Dir/scr. Nora Ephron. US. 2009. 123mins.

There’s a key ingredient to the Julie & Julia experience which writer-director Nora Ephron has taken for granted, and that’s a familiarity with Julia Child. Credited with introducing French food to the US in the 1960s and 70s, Child was a Cordon Bleu chef with distinctive physical attributes and eccentric, if not downright campy, mannerisms, which Streep largely nails.

But Ephron does not help the uninitiated – that is to say the younger viewer or international audiences who haven’t seen Child’s TV shows – by providing any footage or context upfront. Thus it takes a while for Streep’s initially alarming performance – more reminiscent of her turn in Mamma Mia! than Doubt – to sink in and the good-natured Julie & Julia to warm up into a dish which will be best savoured by American kitchen goddesses, Streep and Ephron fans, skewing female and older.

Even as the film wraps, it feels as if there’s a course missing.
A good thematic match for long-time foodie Ephron, whose 1983 novel Heartburn (later adapted with Streep in the lead) was dotted with recipes, Julie & Julia twins the real-life stories of Childs’ arrival in Paris in 1948 and, in 2002, a year-long effort by New York blogger Julie Powell (Adams) to cook all 524 recipes in Child’s opus Mastering the Art of French Cooking.

Billed as a comedy, this comes across as a typically whimsical effort from Ephron, who has enjoyed sustained success as a writer but a bumpier path behind the camera (from the highs of Sleepless in Seattle to Mixed Nuts, Michael and Bewitched). Here, she’s working from a mixture of Powell’s blog and Child’s posthumously-published My Life In France. Julia and, a half century years later, Julie, struggle to become published authors; both have adoring husbands (Stanley Tucci in Paris, Chris Messina in Queens); and are passionate about food. Ephron traces their parallel quests.

The director introduces Child as she arrives in Paris with her diplomat husband Paul and eats a meal of sole meuniere which will kick off a lifelong obsession with food.
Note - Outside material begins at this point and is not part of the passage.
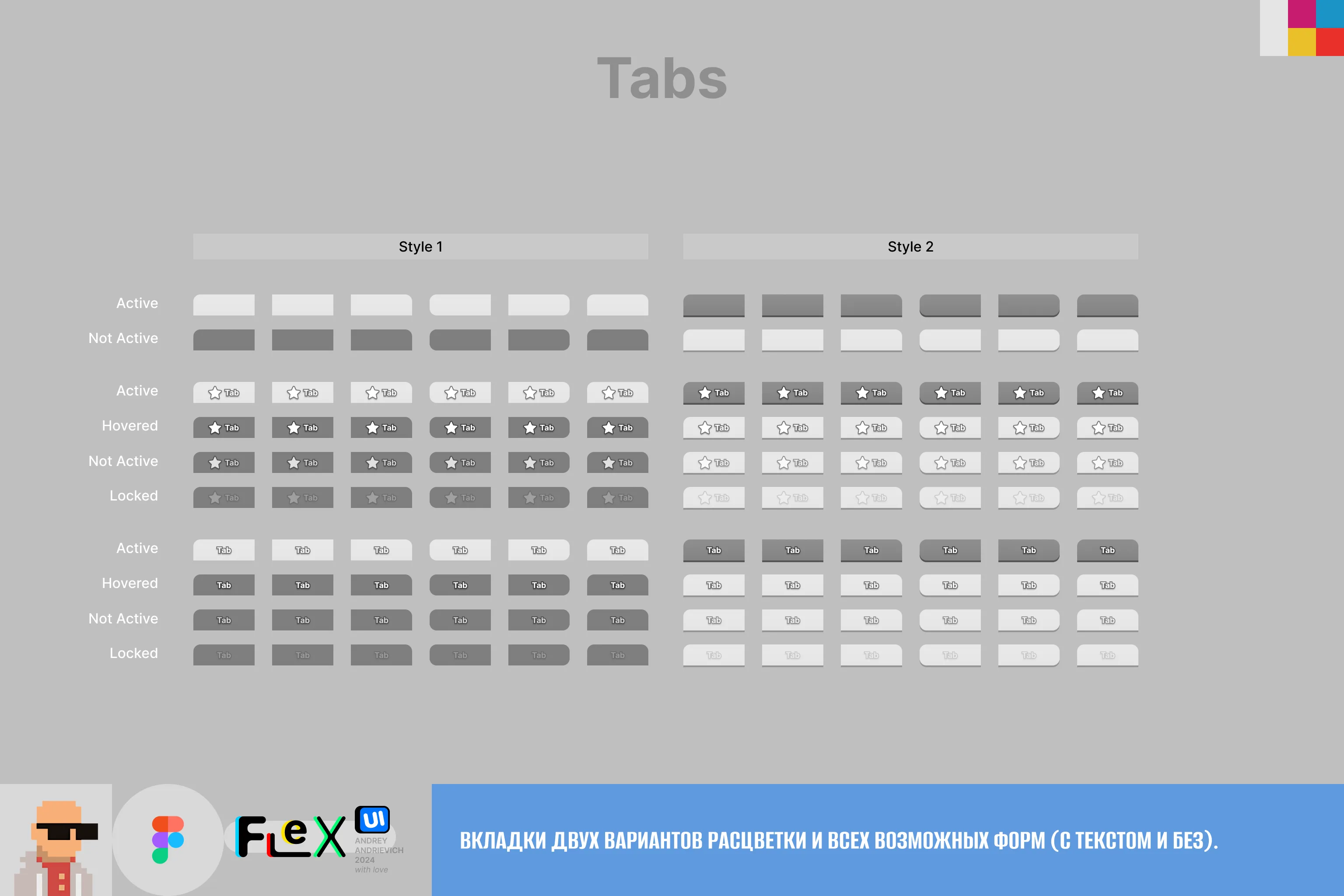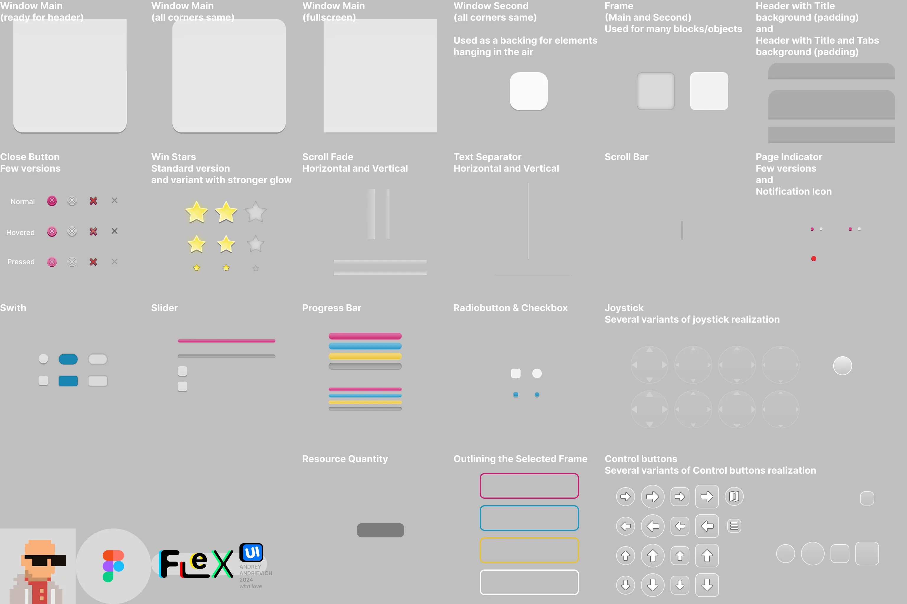 - All elements necessary for interface creation: buttons, tabs, switchers, sliders, progress bars, frames, checkbox and radiobutton, bubble prompts, joysticks and other control buttons, font styles (inside Figma file), swipe and scroll indicators and many others. Some elements have several implementation variants.

Julia becomes the first American woman to study at the famous Cordon Bleu cookery school, and eventually – after several setbacks chronicled here - writes Mastering The Art of French Cooking with her friends Louise Bertholle (Carey) and Simone Beck (Emond), the popularity of which leads to her famous TV show.

Interspersed with this is the story of Julie Powell, a government employee and aspiring writer in New York who has just moved to Queens and frets about her impending 30th birthday. She comes up with the idea to blog her way through Julia Child’s 524 recipes in 365 days – an effort which netted her a book deal, and, as the credits archly note, this film.

Adams has a lot to deal with in these sequences; not only must she make like Carrie Bradshaw and sit in front of a laptop smiling at her own blog, she also has to roll around the floor in hysterics whenever she burns the boeuf bourgignon. Eating an egg, boning a duck and cooking a lobster become big dramas for Julie, but Adams thankfully manages to smooth over some of character’s more irritating edges.

Julie & Julia also suffers from the dramatic imbalance: writing a blog about cooking somebody else’s recipes isn’t quite the same feat as creating the recipes yourself. Neither story here quite stands up by itself, and they don’t quite gel together either - even as the film wraps, it feels as if there’s a course missing.

Julie & Julia’s score accurately reflects Childs’ TV series, but sets a cheesy tone which the film struggles to shrug off. Of note technically is overenthusiastic sound work; it seems odd that Julia Child would spend years mastering the art of French cooking and then speak with her mouth full, but turning the sound levels up on Messina cramming down a bruschetta in mid-speech was certainly inadvisable.